College of Medicine and Public Health, Flinders University, Adelaide, Australia.
Division of Medicine, Cardiac and Critical Care, Flinders Medical Centre, Adelaide, Australia.
Ann Noninvasive Electrocardiol. 2024 Nov;29(6):e70025. doi: 10.1111/anec.70025.
Forward prediction of atrial fibrillation (AF) termination is a challenging technical problem of increasing significance due to rising AF presentations to emergency departments worldwide. The ability to non-invasively predict which AF episodes will terminate has important implications in terms of clinical decision-making surrounding treatment and admission, with subsequent impacts on hospital capacity and the economic cost of AF hospitalizations.
MEDLINE, EMCare, CINAHL, CENTRAL, and SCOPUS were searched on 29 July 2023 for articles where an attempt to predict AF termination was made using standard surface ECG recordings. The final review included 35 articles. Signal processing techniques fit into three broad categories including machine learning (n = 14), entropy analysis (n = 12), and time-frequency/frequency analysis (n = 9). Retrospectively processed ECG data was used in all studies with no prospective validation studies. Most studies (n = 33) utilized the same ECG database, which included recordings that either terminated within 1 min or continued for over 1 h. There was no significant difference in accuracy between groups (H(2) = 0.058, p-value = 0.971). Only one study assessed recordings earlier than several minutes preceding termination, achieving 92% accuracy using the central 10 s of paroxysmal episodes lasting up to 174.
No studies attempted to forward predict AF termination in real-time, representing an opportunity for novel prospective validation studies. Multiple signal processing techniques have proven accurate in predicting AF termination utilizing ECG recordings sourced from a database retrospectively.
由于全球范围内急诊科就诊的房颤 (AF) 患者增多,因此对房颤终止的前瞻性预测成为一个日益重要的技术难题。能够无创性预测哪些房颤发作将终止,这对于围绕治疗和入院的临床决策具有重要意义,继而会对医院容量和房颤住院的经济成本产生影响。
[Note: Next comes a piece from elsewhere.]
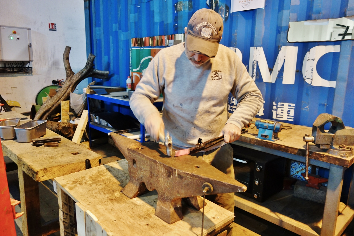 Dans cette lignée de travail collaboratif, la Coutellerie du Panier, qui loue un conteneur depuis décembre en complément de sa boutique pignon sur rue dans le plus vieux quartier de Marseille, fait fabriquer ses supports à couteaux par l’un de ses voisins de palier. Et un autre Maker lui a réalisé des chariots en métal sur-mesure où poser ses propres machines. « On a un vrai espace dédié au travail maintenant. David (ndlr : le directeur de la manufacture) nous a même aménagé le conteneur d’une façon particulière pour correspondre à nos besoins », se félicite Jean-Pierre Ambrosino. Le coutelier, qui n’a que des éloges à faire sur le lieu, avoue tout de même une inquiétude sur l’avenir du site, voué à la délocalisation dans un peu moins de quatre ans.

于 2023 年 7 月 29 日在 MEDLINE、EMCare、CINAHL、CENTRAL 和 SCOPUS 上检索了使用标准体表心电图记录尝试预测房颤终止的文章。最终的综述纳入了 35 篇文章。信号处理技术可分为三大类,包括机器学习 (n=14)、熵分析 (n=12) 和时频/频率分析 (n=9)。所有研究均使用回顾性处理的心电图数据,没有前瞻性验证研究。大多数研究 (n=33) 使用了相同的心电图数据库,其中包括在 1 分钟内终止或持续超过 1 小时的记录。组间的准确性没有显著差异 (H(2)=0.058,p 值=0.971)。只有一项研究评估了早于终止前几分钟的记录,使用持续时间长达 174 秒的阵发性发作的中央 10 秒记录,准确率达到 92%。
没有研究试图实时前瞻性预测房颤终止,这为新的前瞻性验证研究提供了机会。利用源自数据库的心电图记录,多种信号处理技术已被证明可准确预测房颤终止。